Nearly three decades ago, Moloney was working on a project about the U.S. Civil War -- the Irish had been conscripted on both sides -- when he came upon the obscure story of the "San Patricios," a group of Irishmen who fled the potato famine in the mid-19th century, were enlisted in the U.S. Army but wound up fighting against the United States in the Mexican-American War after the United States annexed Texas in 1845.

"My mind started to go back in time, to these people getting off a boat, being given a big rifle and told to go shoot these Catholic Mexicans by a Protestant general," said Moloney, 71, from a hotel room in San Francisco, a stop on the Chieftains tour that will arrive at Orchestra Hall this Sunday.

"It was a dreadful war. Some of these Irish joined the other side and fought five major battles under John Riley as the San Patricios. They hanged 40 or 50 of them after Churubusco, their last stand, a convent in the desert."

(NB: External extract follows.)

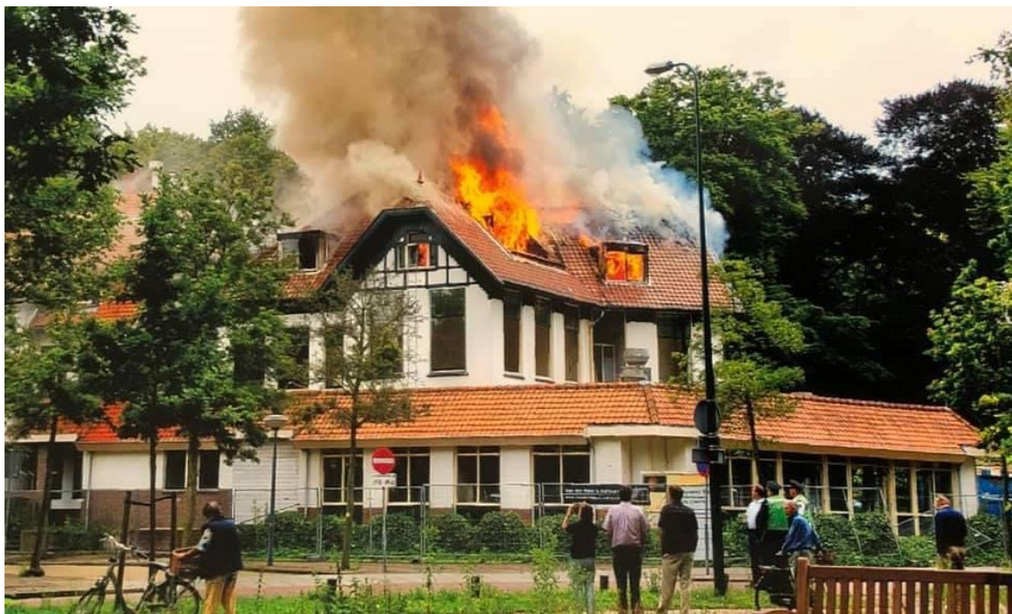
"Het Witte Huis in vlammen".

Uitkijken voor ontploffende gasflessen in de boten terwijl je blust. Kom ik 2 januari op werk zegt een collega: "Waar bleef de brandweer toch? Ik zag het om half twaalf al branden en jullie kwamen over twaalven pas". Ik vroeg hem waarom hij de brandweer niet om half twaalf had gebeld, antwoorde hij: "Oh, ik dacht dat iemand anders dat wel zou doen".

Two years ago, after prodding from guitarist Ry Cooder, Moloney finally followed up on his longstanding intention to record a San Patricios-related album. At first he considered an orchestral work. But as he toured the areas where battles were fought, he discovered that, while the San Patricios were regarded as traitors in the United States and Ireland, they were heroes in Mexico, with folk songs about their exploits.

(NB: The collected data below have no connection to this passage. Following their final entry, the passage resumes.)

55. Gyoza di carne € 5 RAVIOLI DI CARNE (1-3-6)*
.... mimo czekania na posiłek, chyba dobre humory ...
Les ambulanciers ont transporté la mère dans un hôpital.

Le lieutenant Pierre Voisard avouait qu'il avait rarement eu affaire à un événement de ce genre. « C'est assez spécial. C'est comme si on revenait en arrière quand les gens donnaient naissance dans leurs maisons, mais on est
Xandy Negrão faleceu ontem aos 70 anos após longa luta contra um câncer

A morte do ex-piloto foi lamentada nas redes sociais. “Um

"I heard all this traditional Mexican music, ballads and songs from eight or nine different regions," he said. "I realized I could fit our music into many of these songs and where I didn't find a tune that could fit, I made one up."

The result is "San Patricio," an exquisite fusion of Mexican sons, boleros and norteños and Irish airs, jigs and ballads that is the most ambitious and adventurous Chieftains record since their breakthrough discs of the 1970s. It is at once a tribute to an emotionally complicated cross-cultural moment in history and a stylistic step forward, beyond even the Galician fusion of the Chieftains' "Santiago" in 1996, which paid tribute to the heritage of a Celtic corner of Spain.

From Linda to Liam

The 19 tracks feature a diverse and beguiling collection of guest musicians. Cooder contributes a song ("The Sands of Mexico") while the vocalists include pop star Linda Ronstadt, singing a traditional ranchera from her Mexican heritage; the 91-year-old Chavela Vargas doing the bolero "Luz de Luna"; Moya Brennan of Clannad, the "First Lady of Celtic Music," and the Mexican singer (and University of Minnesota grad) Lila Downs.

There are traditional Mexican bands such as Los Folkloristas and Los Tigres del Norte, a couple of songs featuring Galician bagpiper Carlos Núñez and a couple others played by Banda de Gaitas de Batallon de San Patricio, Mexico's only pipe band, founded in honor of the Irish fighters. Irish actor Liam Neeson narrates the "March to Battle (Across the Rio Grande)," and nearly everyone gets in on the act on the "Finale."

"That is similar to the finisher-upper onstage in your town, which is like a polka where everybody takes a solo in and out and the audience is doing a snake dance," Moloney said excitedly. He also wants to assure longtime Chieftains fans that Ireland will be very much in the house at Orchestra Hall.

"With this new project our audience is going berserk thinking this is a Mexican show, but that's not the case," he said. "Certainly there will be some of that" -- he estimated 35 to 40 minutes of music from "San Patricio" -- "but there's genuine Chieftains Irish music and we'll have our usual dancers and special guests. It will be a quaffing good show."

And if the group launches into the balladic tapestry of "La Golondrina," the cultural weave of Mexico and Ireland will be so tightly braided that sorting out all the history would be a waste of a good time.